(Records from a collection)
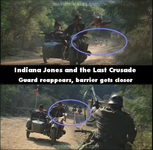 Continuity mistake: When Indy and his father are being pursued by German soldiers on bikes, right after they break through the barrier, the barrier guard comes out of his post and waves the pursuing German soldiers to slow down in the background. In the next shot he's no longer there, and the barrier's quite far away, then in the following shot he's back, and Indy's not so far from the barrier again. (01:04:35)
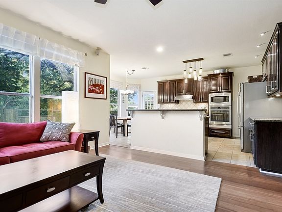 4 bedroom, 2.5 bath home on wooded greenbelt lot features a low maintenance brick exterior. Level lot w/heritage Live Oak and deck. Two-story foyer greets guests into formal dining + dedicated office. Carbonized bamboo floors. Gourmet island kitchen + breakfast room feature a stainless appliance packagew/built-in oven + gas cooktop, espresso cabinetry w/brushed stainless hardware, granite, porcelain tile + pendant lighting. The living room is anchored by a gas fireplace + offers surround sound as well as views overlooking the backyard to the greenbelt. Upstairs game room. Huge master suite offers plenty of room for a sitting area w/greenbelt views + a spacious double vanity bath w/glass shower, garden tub +large walk-in closet. New appliances 2017. HVAC's 2 + 5 yrs old. Recent hot water heater. Enjoy multiple swimming pools, miles of greenbelt hiking trails, the Veloway, highly rated schools + convenient access to HEB, Whole Foods, Costco, restaurants + Alamo Drafthouse.
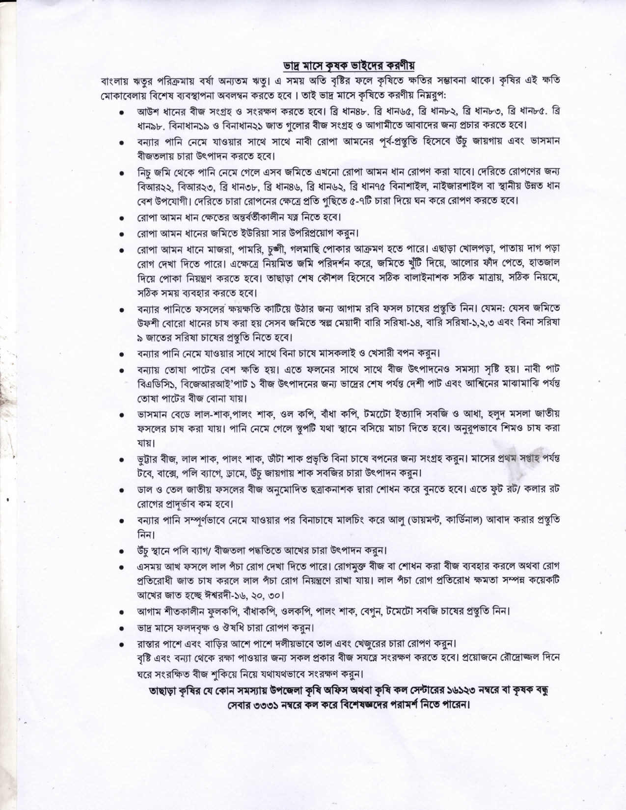 ভাদ্র মাসে কৃষক ভাইদের করণীয়
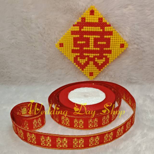 PITA KAIN MOTIF SHUANG XI / SANGJIT TULISAN BENANG WARNA EMAS | Shopee Indonesia
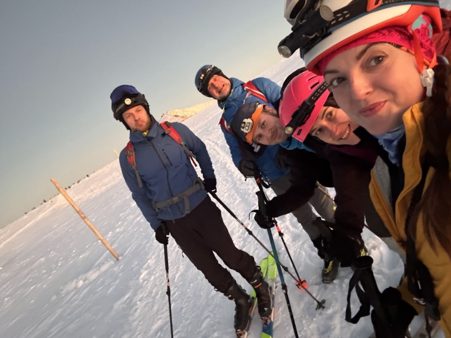 W Karpaczu przywitała nas bajkowa, zimowa sceneria – słońce i idealny śnieg, jakby wszystko było zamówione pod ten wyjazd. Pierwszego dnia grupa skiturowa, w składzie czterech narciarskich wyjadaczy i mnie – żółtodzioba – ruszyła żółtym szlakiem przez Strzechę Akademicką na czeską stronę, do Lucni Boudy. Tam czekał nas zasłużony odpoczynek i czeski gulasz, który smakował jak prawdziwy rarytas. Powrót, czyli zjazd żółtym szlakiem, okazał się jednak moją osobistą „grą o przetrwanie”. Grawitacja szybko przejęła kontrolę, a ja odkryłam, że najczęściej używaną techniką zjazdową może być „ślizg na tyłku”. Podczas gdy reszta ekipy świetnie się bawiła, ja zdobyłam nowe doświadczenie – pokorę i sztukę „kontrolowanego upadania”.
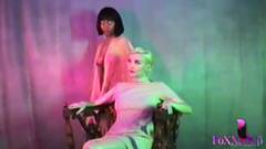 Essa linda garota preta com um estilo vintage acariciará a loira, lamberá sua buceta e desfrutará de seu corpo suntuoso.
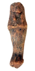 Pottery shabti. Traces of polychrome decoration, and a blac…
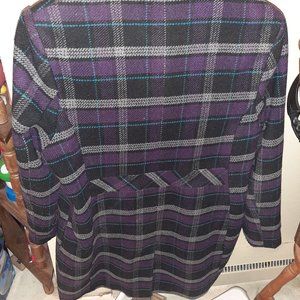 Beautiful purple plaid design, very comfortable body fit. Stitching and buttons still tight. Pre-loved worn only to church.
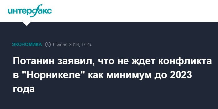 Москва. 6 июня. INTERFAX.RU - Президент и основной владелец "Норильского никеля" Владимир Потанин не ожидает рецидива акционерного конфликта в компании как минимум до 2023 года, когда истечет срок действия 10-летнего акционерного соглашения, завершившего предыдущий конфликт с Олегом Дерипаской.
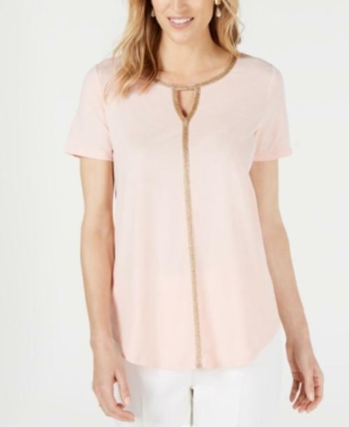 Sparkling metallic trim at the keyhole neckline and front elevates this short-sleeve top from Jm Collection.
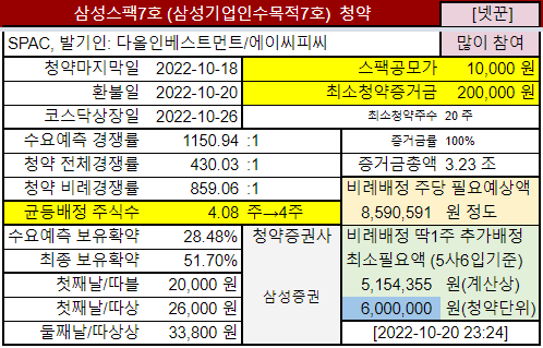 @2022-10-14 수요예측결과, 기관경쟁률 1,150.94:1 (공모가 만원으로 올린뒤 첫 스팩인 하나금융스팩25호에 비하면 많이 높은 수치), 보유확약 28.48%, 상장예정일 2022-10-26
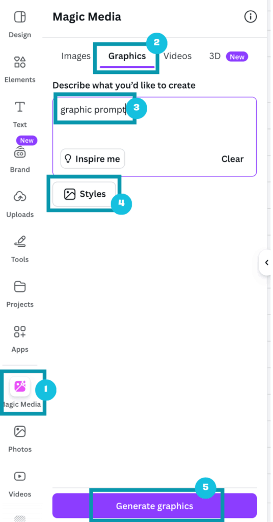 To do this, simply go to the ‘Magic Media’ tab (1), click on the ‘Graphics’ option (2), input your prompt in the description box (3), choose your preferred style (4) and , and click ‘Generate graphics’ (5).
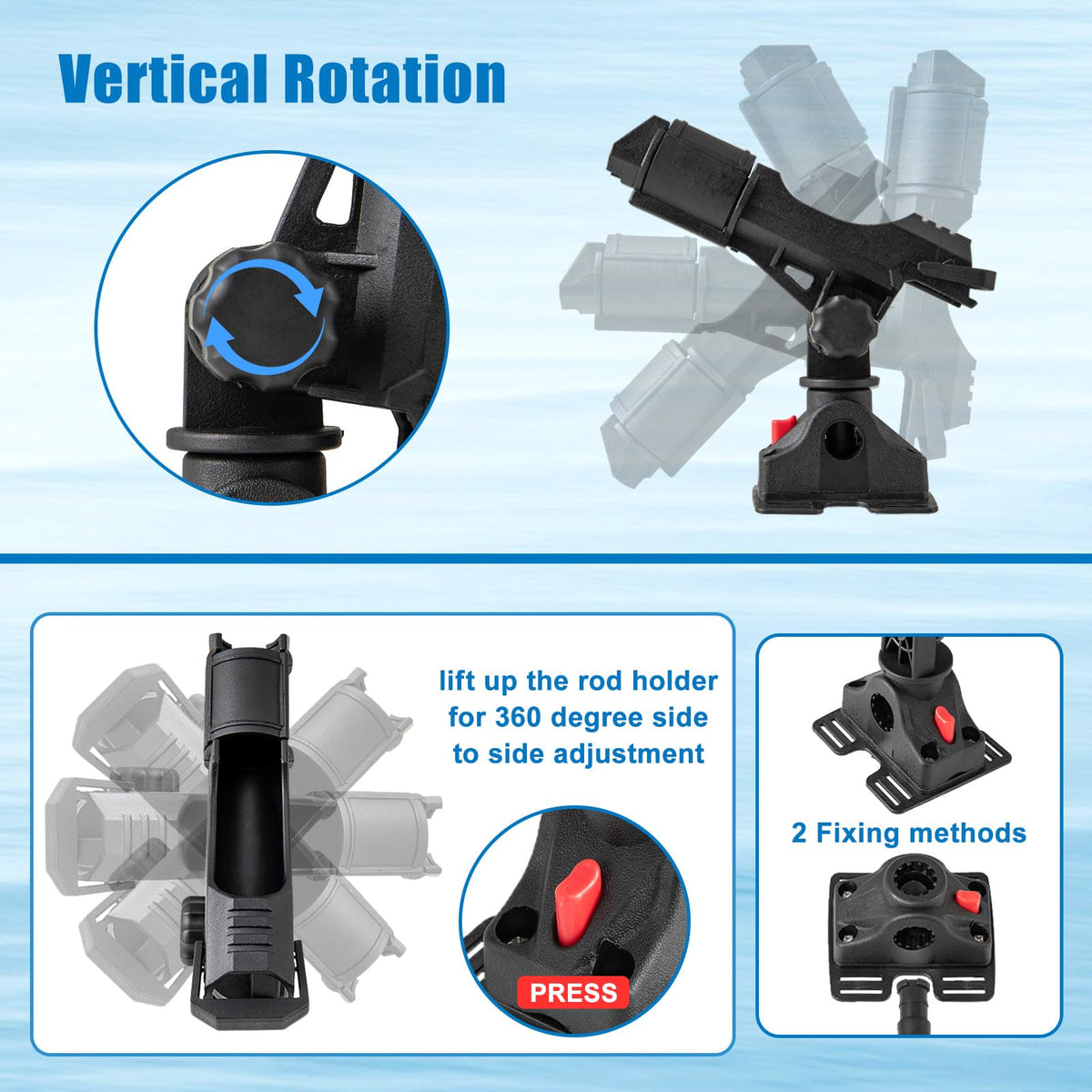 - 3 Mounting Base: This accessories combo includes 3 rack base, which are all 360 degree adjustable. Besides, the base can be fixed on your boat or kayak in 2 different methods with 6 included fixing straps, no drill needed.
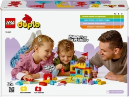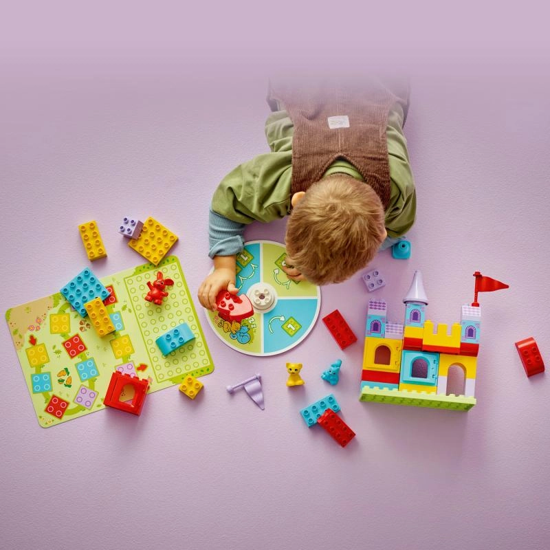 Αυτό το έξυπνο παιχνίδι και σετ κατασκευής LEGO DUPLO 2 σε 1 προσφέρει στα παιδιά διασκεδαστική μάθηση μέσω του παιχνιδιού. Χτίστε μαζί ένα πολύχρωμο κάστρο, γυρίστε τον δείκτη και μετακινήστε τις φιγούρες των ζώων στο ταμπλό. Ανάλογα με το χρώμα στο οποίο θα σταματήσετε, προσθέστε στο κάστρο το σωστό κομμάτι – κερδίζει το ομαδικό πνεύμα όταν όλοι οι χαρακτήρες φτάσουν στο κάστρο!
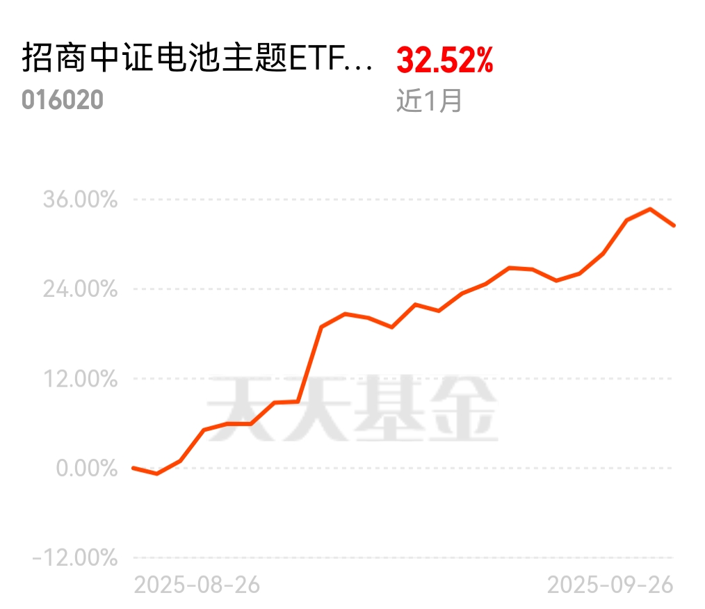 看这行情就知道,电池不是短期炒作,新能源汽车、储能都在拉需求,长期趋势明摆着。招商中证电池主题ETF联接C近1个月32.52%的涨幅很实在,持仓的朋友偷着乐吧。$招商中证电池主题ETF联接C$

Problem requirements: Can you repeat every record above exactly, apart from the pictures?

Answer to this exercise:
 Continuity mistake: When Indy and his father are being pursued by German soldiers on bikes, right after they break through the barrier, the barrier guard comes out of his post and waves the pursuing German soldiers to slow down in the background. In the next shot he's no longer there, and the barrier's quite far away, then in the following shot he's back, and Indy's not so far from the barrier again. (01:04:35)
 4 bedroom, 2.5 bath home on wooded greenbelt lot features a low maintenance brick exterior. Level lot w/heritage Live Oak and deck. Two-story foyer greets guests into formal dining + dedicated office. Carbonized bamboo floors. Gourmet island kitchen + breakfast room feature a stainless appliance packagew/built-in oven + gas cooktop, espresso cabinetry w/brushed stainless hardware, granite, porcelain tile + pendant lighting. The living room is anchored by a gas fireplace + offers surround sound as well as views overlooking the backyard to the greenbelt. Upstairs game room. Huge master suite offers plenty of room for a sitting area w/greenbelt views + a spacious double vanity bath w/glass shower, garden tub +large walk-in closet. New appliances 2017. HVAC's 2 + 5 yrs old. Recent hot water heater. Enjoy multiple swimming pools, miles of greenbelt hiking trails, the Veloway, highly rated schools + convenient access to HEB, Whole Foods, Costco, restaurants + Alamo Drafthouse.
 ভাদ্র মাসে কৃষক ভাইদের করণীয়
 PITA KAIN MOTIF SHUANG XI / SANGJIT TULISAN BENANG WARNA EMAS | Shopee Indonesia
 W Karpaczu przywitała nas bajkowa, zimowa sceneria – słońce i idealny śnieg, jakby wszystko było zamówione pod ten wyjazd. Pierwszego dnia grupa skiturowa, w składzie czterech narciarskich wyjadaczy i mnie – żółtodzioba – ruszyła żółtym szlakiem przez Strzechę Akademicką na czeską stronę, do Lucni Boudy. Tam czekał nas zasłużony odpoczynek i czeski gulasz, który smakował jak prawdziwy rarytas. Powrót, czyli zjazd żółtym szlakiem, okazał się jednak moją osobistą „grą o przetrwanie”. Grawitacja szybko przejęła kontrolę, a ja odkryłam, że najczęściej używaną techniką zjazdową może być „ślizg na tyłku”. Podczas gdy reszta ekipy świetnie się bawiła, ja zdobyłam nowe doświadczenie – pokorę i sztukę „kontrolowanego upadania”.
 Essa linda garota preta com um estilo vintage acariciará a loira, lamberá sua buceta e desfrutará de seu corpo suntuoso.
 Pottery shabti. Traces of polychrome decoration, and a blac…
 Beautiful purple plaid design, very comfortable body fit. Stitching and buttons still tight. Pre-loved worn only to church.
 Москва. 6 июня. INTERFAX.RU - Президент и основной владелец "Норильского никеля" Владимир Потанин не ожидает рецидива акционерного конфликта в компании как минимум до 2023 года, когда истечет срок действия 10-летнего акционерного соглашения, завершившего предыдущий конфликт с Олегом Дерипаской.
 Sparkling metallic trim at the keyhole neckline and front elevates this short-sleeve top from Jm Collection.
 @2022-10-14 수요예측결과, 기관경쟁률 1,150.94:1 (공모가 만원으로 올린뒤 첫 스팩인 하나금융스팩25호에 비하면 많이 높은 수치), 보유확약 28.48%, 상장예정일 2022-10-26
 To do this, simply go to the ‘Magic Media’ tab (1), click on the ‘Graphics’ option (2), input your prompt in the description box (3), choose your preferred style (4) and , and click ‘Generate graphics’ (5).
 - 3 Mounting Base: This accessories combo includes 3 rack base, which are all 360 degree adjustable. Besides, the base can be fixed on your boat or kayak in 2 different methods with 6 included fixing straps, no drill needed.
 Αυτό το έξυπνο παιχνίδι και σετ κατασκευής LEGO DUPLO 2 σε 1 προσφέρει στα παιδιά διασκεδαστική μάθηση μέσω του παιχνιδιού. Χτίστε μαζί ένα πολύχρωμο κάστρο, γυρίστε τον δείκτη και μετακινήστε τις φιγούρες των ζώων στο ταμπλό. Ανάλογα με το χρώμα στο οποίο θα σταματήσετε, προσθέστε στο κάστρο το σωστό κομμάτι – κερδίζει το ομαδικό πνεύμα όταν όλοι οι χαρακτήρες φτάσουν στο κάστρο!
 看这行情就知道,电池不是短期炒作,新能源汽车、储能都在拉需求,长期趋势明摆着。招商中证电池主题ETF联接C近1个月32.52%的涨幅很实在,持仓的朋友偷着乐吧。$招商中证电池主题ETF联接C$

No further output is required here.